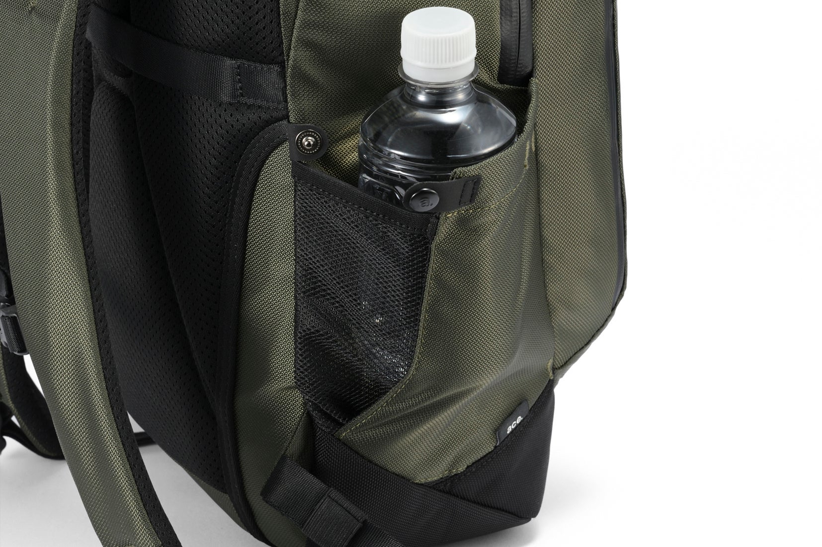 ホックボタンを外すとメッシュ素材のマチが拡がるサイドポケットは、濡れた折り畳み傘やペットボトルを差し込む際に活躍します。
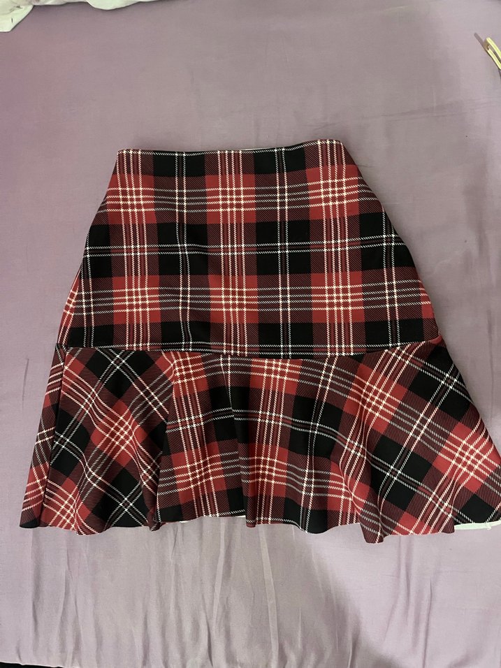 , kırmızı ve siyah ekoseli, pilili, dar kesim mini etek. Sokak modası ve grunge punk tarzını yansıtır, günlük kullanıma uygundur.
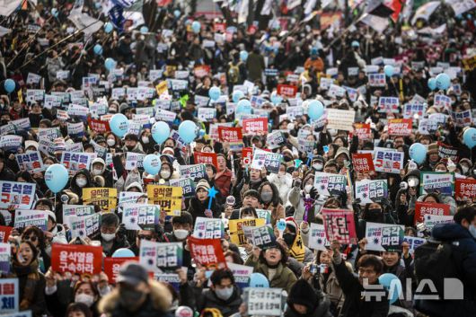 [서울=뉴시스]정병혁 기자 = 윤석열 대통령에 대한 영장실질심사(구속 전 피의자 심문)이 열린 18일 서울 종로구 동십자각 앞에서 윤석열 즉각 퇴진 사회대개혁, 범시민대행진이 열렸다.
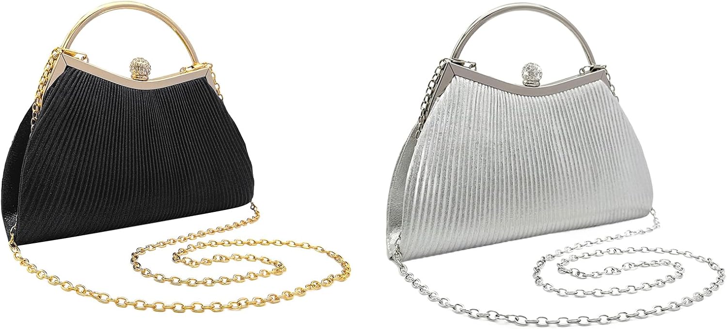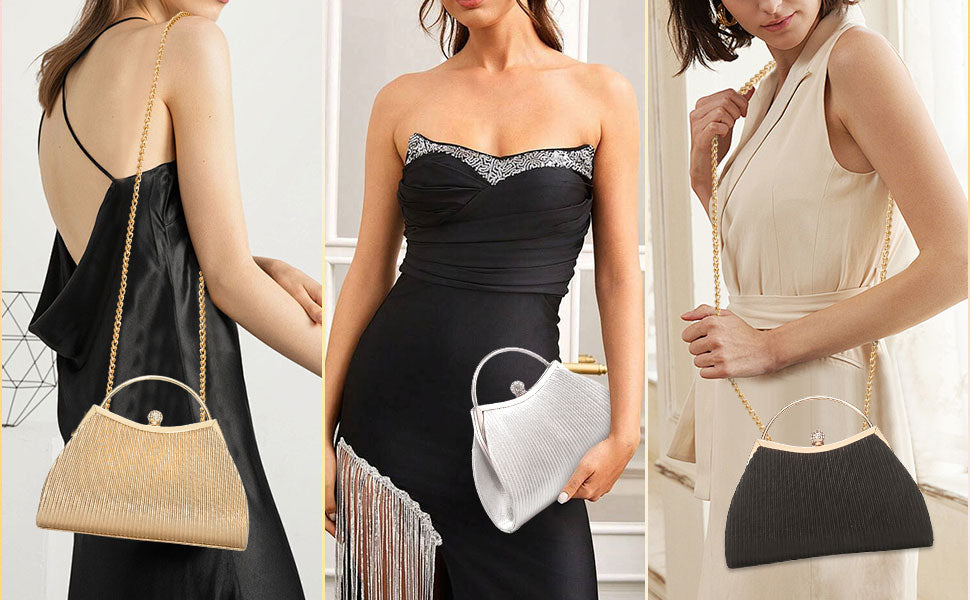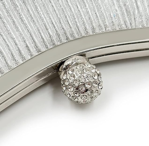 Sparkle and shine at your next special occasion with these dazzling satin or rhinestone metallic kiss lock clutches. Perfect for weddings, parties, proms, and elegant dinners, this glamorous evening bag adds instant sophistication to any outfit. The eye-catching crystal embellished kiss lock closures catches the light beautifully, while keeps your essentials secure in style. Whether you're celebrating a milestone or looking for the ideal gift for the woman who loves to dazzle, this showstopping clutch delivers pure elegance and fun.
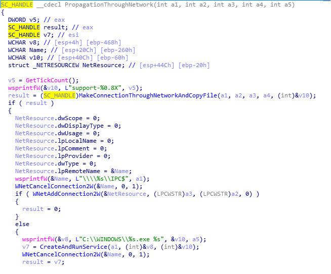 En el siguiente grafico podemos ver las funciones de propagación de red de IcedID, desde un IDA-Pro:
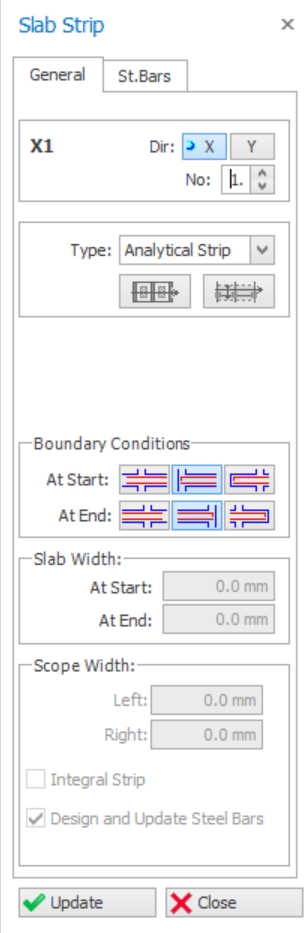 - It is the responsibility of users to cut the 2 orthogonal strips for any slab, in which ever angle. The slab design will not warn if any strip is missing for any slab.

____

Aim of the task: Give back all of the material exactly, though without the images it contains.

Solution to this problem:
 ホックボタンを外すとメッシュ素材のマチが拡がるサイドポケットは、濡れた折り畳み傘やペットボトルを差し込む際に活躍します。
 , kırmızı ve siyah ekoseli, pilili, dar kesim mini etek. Sokak modası ve grunge punk tarzını yansıtır, günlük kullanıma uygundur.
 [서울=뉴시스]정병혁 기자 = 윤석열 대통령에 대한 영장실질심사(구속 전 피의자 심문)이 열린 18일 서울 종로구 동십자각 앞에서 윤석열 즉각 퇴진 사회대개혁, 범시민대행진이 열렸다.
 Sparkle and shine at your next special occasion with these dazzling satin or rhinestone metallic kiss lock clutches. Perfect for weddings, parties, proms, and elegant dinners, this glamorous evening bag adds instant sophistication to any outfit. The eye-catching crystal embellished kiss lock closures catches the light beautifully, while keeps your essentials secure in style. Whether you're celebrating a milestone or looking for the ideal gift for the woman who loves to dazzle, this showstopping clutch delivers pure elegance and fun.
 En el siguiente grafico podemos ver las funciones de propagación de red de IcedID, desde un IDA-Pro:
 - It is the responsibility of users to cut the 2 orthogonal strips for any slab, in which ever angle. The slab design will not warn if any strip is missing for any slab.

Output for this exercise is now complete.